All I can offer is with the medals, if they have any labelling like "cross town classic" or "xyz high school" some collector may appreciate them because they collect items from that school, area, or event, not just your dads old swim medals.
As far as the footage, unless its Godzilla, or Mothra, or Godzilla V. Mothra, its dumpster fodder.
The problem with digitizing and uploading footage is there may be someone in them who cares.
My son is a videographer. My father gave him a lot of old super 8 footage he took when I was a kid. My son put a big effort into digitizing it, and loaded it to a site. He tried selling a few snipits, just to cover his cost of digitizing.
Then my brother steps in. Single man- no family or heirs. When my son tried to sell some of the footage, he had to get us to sign releases. My brother wouldn't sign. He didn't want his "personal stuff" out there for commercial gain (personal stuff he didn't know existed, and is more than 50 years old. Just random footage of little kids).

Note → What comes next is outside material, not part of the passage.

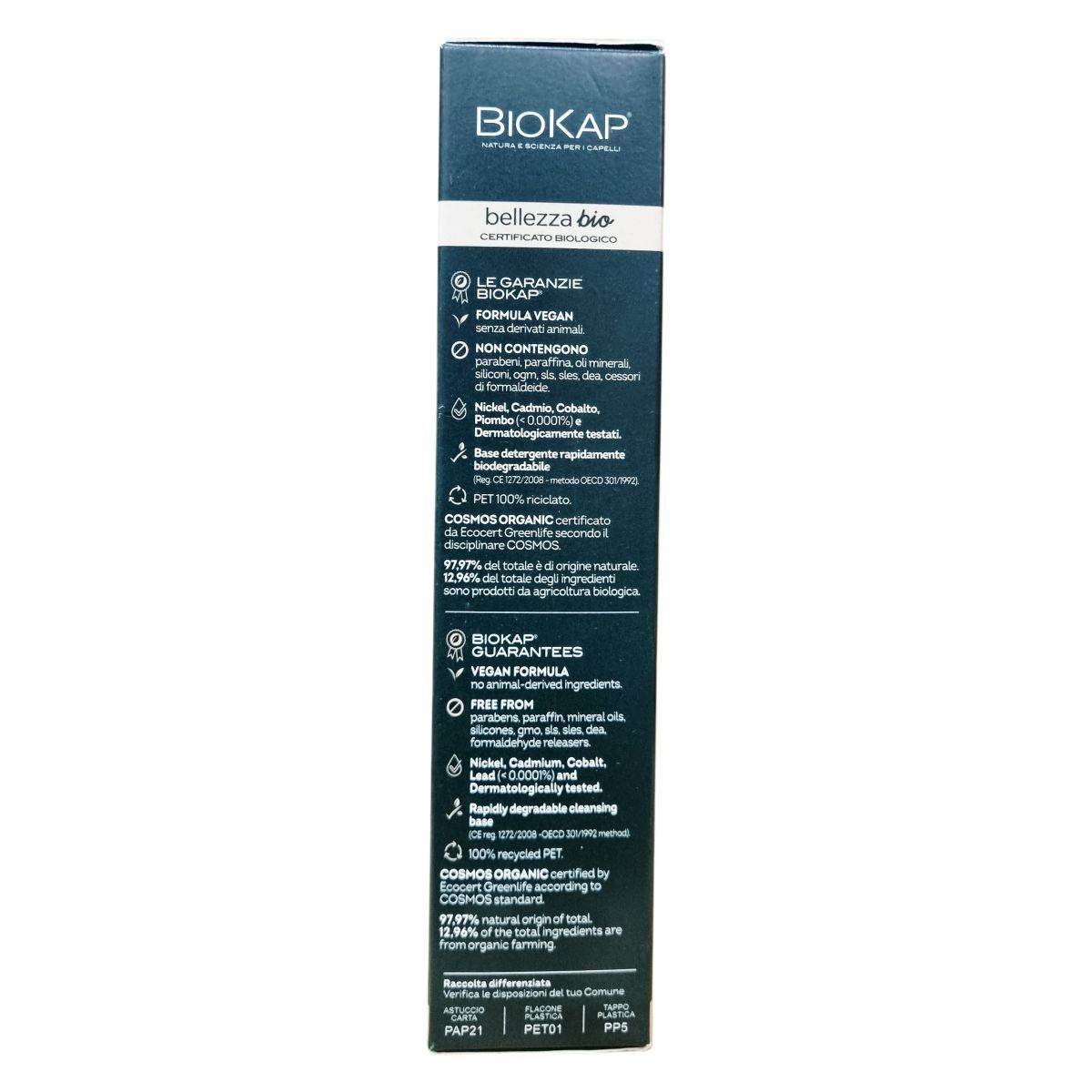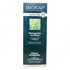 A Biokap erősítő sampon különleges hatóanyagokat tartalmaz, melyek között a kurkuma rizóma peptidei és a mezei zsurló kivonat, mely gazdag szilíciumban, a hajszálakat revitalizálja és erősíti, így a haj dúsabb, volumentelibb hatású lesz. A termék növényi eredetű kókuszolaj alapú felületaktív anyagokat használ, amelyek gyengéden tisztítanak, megőrizve a fejbőr természetes egyensúlyát. A sampon 97,97%-ban természetes eredetű összetevőket tartalmaz, melyekből 12,96% bio gazdaságból származik. A termék vegán, parabén-, paraffin-, ásványi olaj-, szilikon-, GMO-mentes, és dermatológiailag tesztelt. A csomagolás 100%-ban újrahasznosított PET anyagból készült, és megfelel a COSMOS ORGANIC szabványoknak, melyet az Ecocert Greenlife tanúsít. A sampon használata hozzájárul a haj egészségéhez, megfelelő gondoskodást nyújtva a mindennapi hajápolásban.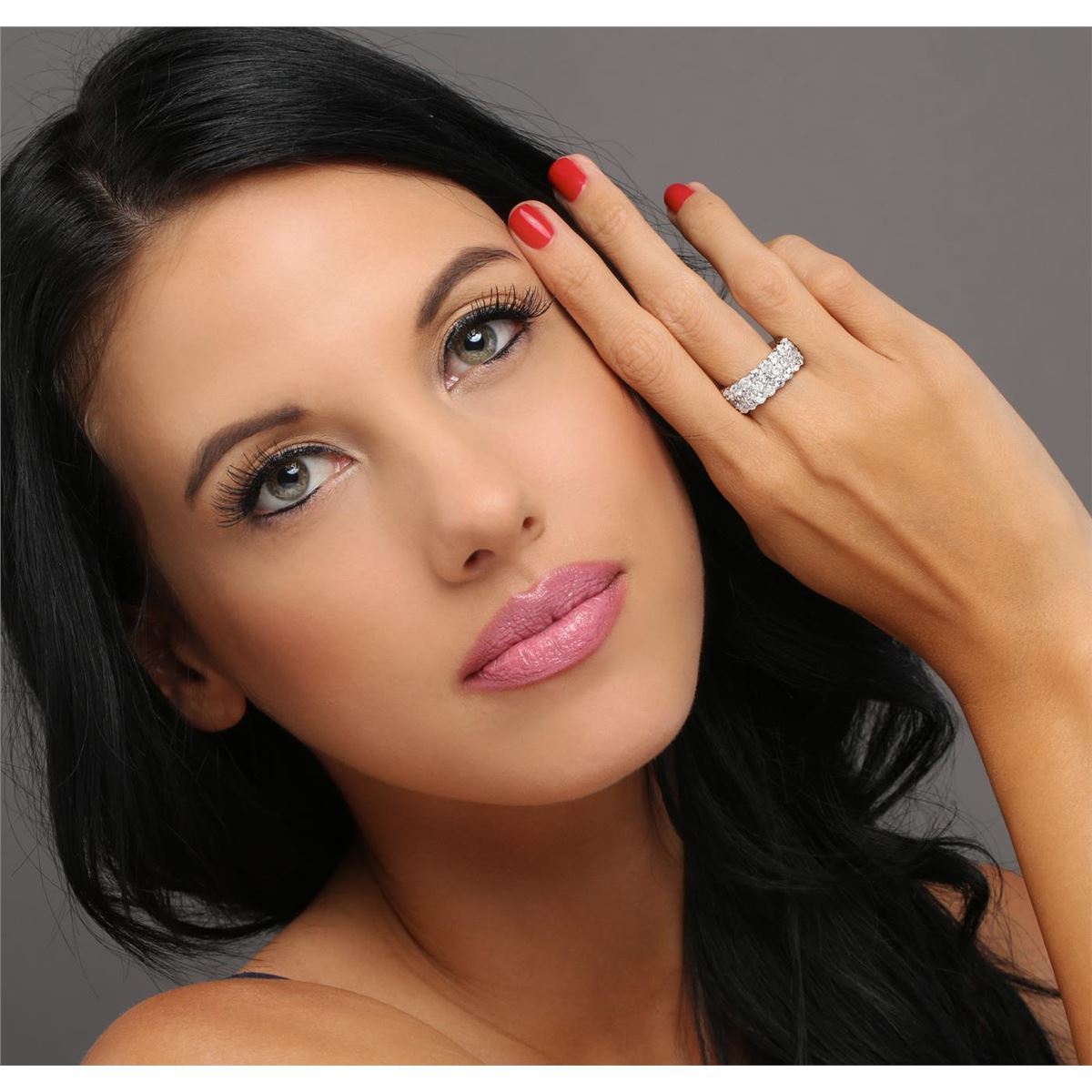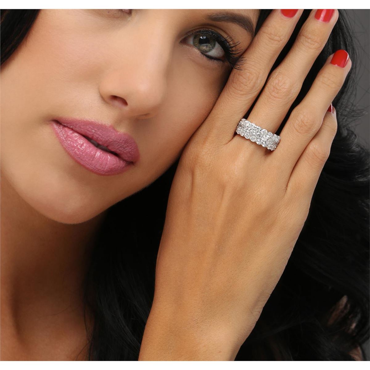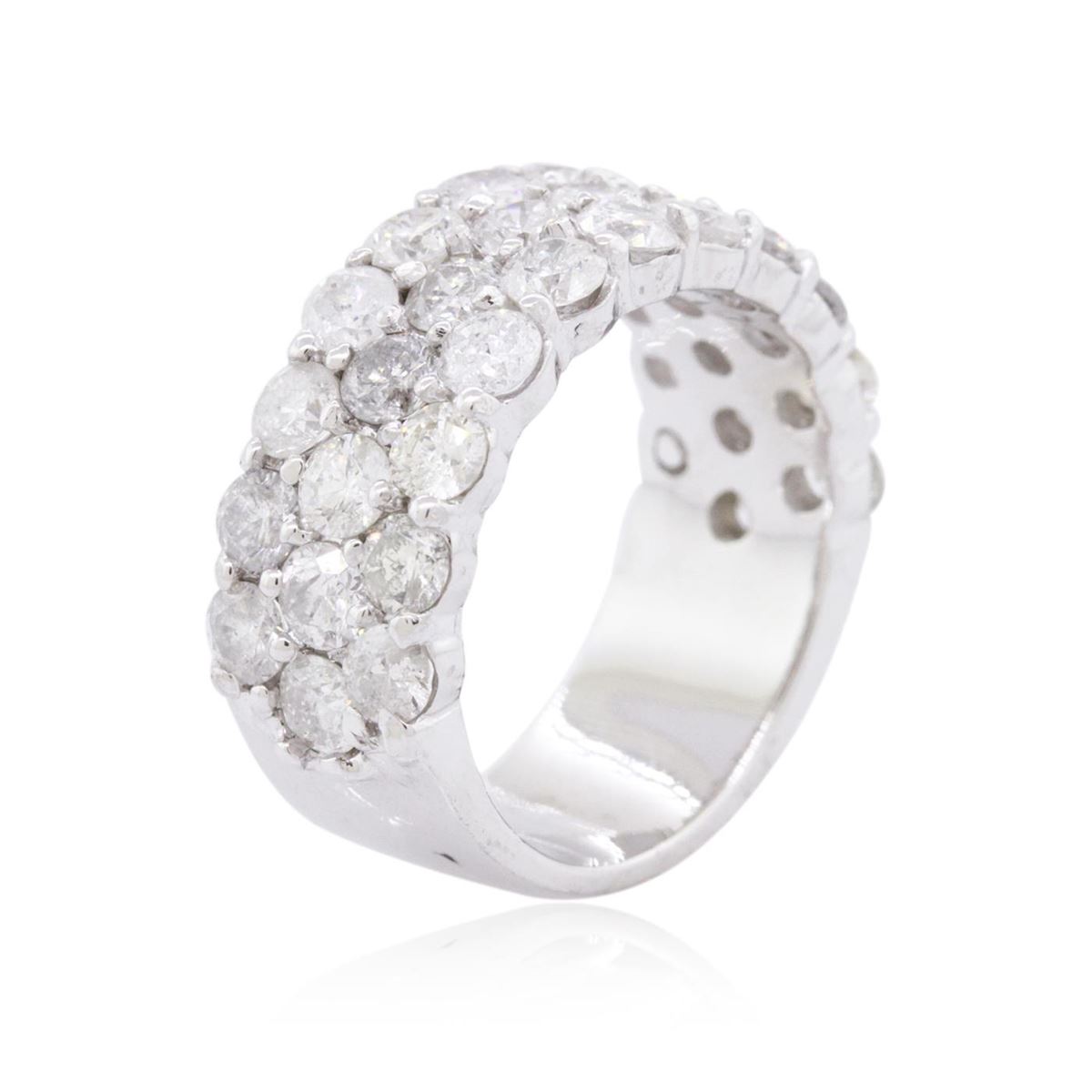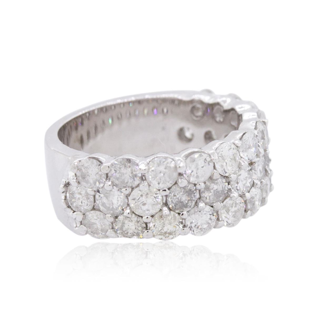 One electronically tested 14KT white gold ladies combination cast & assembled diamond ring with a bright polish finish. Identified with markings of "14K". Condition is new. Containing: Thirty-Four prong set round brilliant cut diamonds, measuring 3.00 - 3.00 x 1.80mm (depth est.) approximate total weight of 34 Stones = 3.36ct. Clarity: I-1 to I-2. Color: I - J, Cut is Good. All diamonds are graded in the mounting, unless otherwise stated. Total Weight of Diamonds 3.36ct. Total Weight of Ring 9.30 grams. GGL Appraised at $7,235.00.

He also thought he should be compensated richly if Charmin should decide he was photogenic enough as a kid to want his ugly mug.
He didn't sign the releases. My son couldn't sell it. He lost the money he invested, and it created a permanent riff in the family.
I realize this is a little different, but people are weird. One it gets online, you never know what could happen or who is gonna overreact strangely.
Ive probably got 50 photo albums in my garage from my deceased Dad. I feel your pain.
Digitizing the film doesn't mean it has to be put online, but it is a good way to save the video without having to have a bunch of reels sitting around. It also makes it easy to share with family members who are interested in it - many families have members who are into genealogy, and the videos could be a gold mine for them. As an example, we have a digital copy of a film taken at my grandparent's farm in the 1940s, and being able to see my parents as young people (as well as other relatives who died before I was born) is amazing.
Chuck it. We all have so much crap in our lives that it's already overwhelming. Forcing someone after us to go through it all is selfish.
When my FIL died a while back I was trying to help my wife and her brother go through the mountain of crap he left behind. When I tossed some paperwork I found about embarrasing things he had done in the mid 70's my BIL got all pissy that I wasn't letting them make the decisions about what to keep or toss. I went to play with the kids and left them to it, some people...
Grab anything that you think is worth more than $50. List it between 25% and 50% less than its worth, to get rid of it quickly. Leave listings active for a week, then throw them away. Everything else goes in the trash.
Modify this to your free time and storage capacity limits.